--- What the exercise asks ---
Below are lines of data; restate word for word those running from the line containing "Le logiciel propose" to the line containing "中华人民共和国商务部关于原产", inclusive, and no others.

--- Source information ---
==============================

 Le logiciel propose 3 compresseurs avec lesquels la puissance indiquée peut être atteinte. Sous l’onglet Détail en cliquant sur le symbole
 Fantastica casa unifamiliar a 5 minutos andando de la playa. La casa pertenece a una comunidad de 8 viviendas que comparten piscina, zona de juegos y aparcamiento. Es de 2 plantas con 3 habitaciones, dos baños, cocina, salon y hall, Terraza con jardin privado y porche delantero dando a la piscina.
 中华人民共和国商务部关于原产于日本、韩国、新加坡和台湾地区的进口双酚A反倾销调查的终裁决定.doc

==============================

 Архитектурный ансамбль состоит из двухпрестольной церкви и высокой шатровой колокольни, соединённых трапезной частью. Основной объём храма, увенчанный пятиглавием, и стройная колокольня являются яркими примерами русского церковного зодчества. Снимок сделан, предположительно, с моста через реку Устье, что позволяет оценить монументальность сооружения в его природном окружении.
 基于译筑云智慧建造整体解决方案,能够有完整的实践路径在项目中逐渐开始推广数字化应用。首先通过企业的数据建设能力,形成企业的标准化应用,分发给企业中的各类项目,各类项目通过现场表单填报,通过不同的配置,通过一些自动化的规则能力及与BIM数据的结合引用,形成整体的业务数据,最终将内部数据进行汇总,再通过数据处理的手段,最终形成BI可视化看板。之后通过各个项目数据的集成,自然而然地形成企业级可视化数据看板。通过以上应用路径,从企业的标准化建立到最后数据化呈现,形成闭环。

==============================

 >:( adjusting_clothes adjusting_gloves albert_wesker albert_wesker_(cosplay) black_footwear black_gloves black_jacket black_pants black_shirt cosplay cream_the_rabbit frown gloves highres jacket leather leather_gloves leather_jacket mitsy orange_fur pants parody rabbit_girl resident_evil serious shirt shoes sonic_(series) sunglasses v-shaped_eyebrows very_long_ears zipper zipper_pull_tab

==============================

--- Output of the task ---
 Le logiciel propose 3 compresseurs avec lesquels la puissance indiquée peut être atteinte. Sous l’onglet Détail en cliquant sur le symbole
 Fantastica casa unifamiliar a 5 minutos andando de la playa. La casa pertenece a una comunidad de 8 viviendas que comparten piscina, zona de juegos y aparcamiento. Es de 2 plantas con 3 habitaciones, dos baños, cocina, salon y hall, Terraza con jardin privado y porche delantero dando a la piscina.
 中华人民共和国商务部关于原产于日本、韩国、新加坡和台湾地区的进口双酚A反倾销调查的终裁决定.doc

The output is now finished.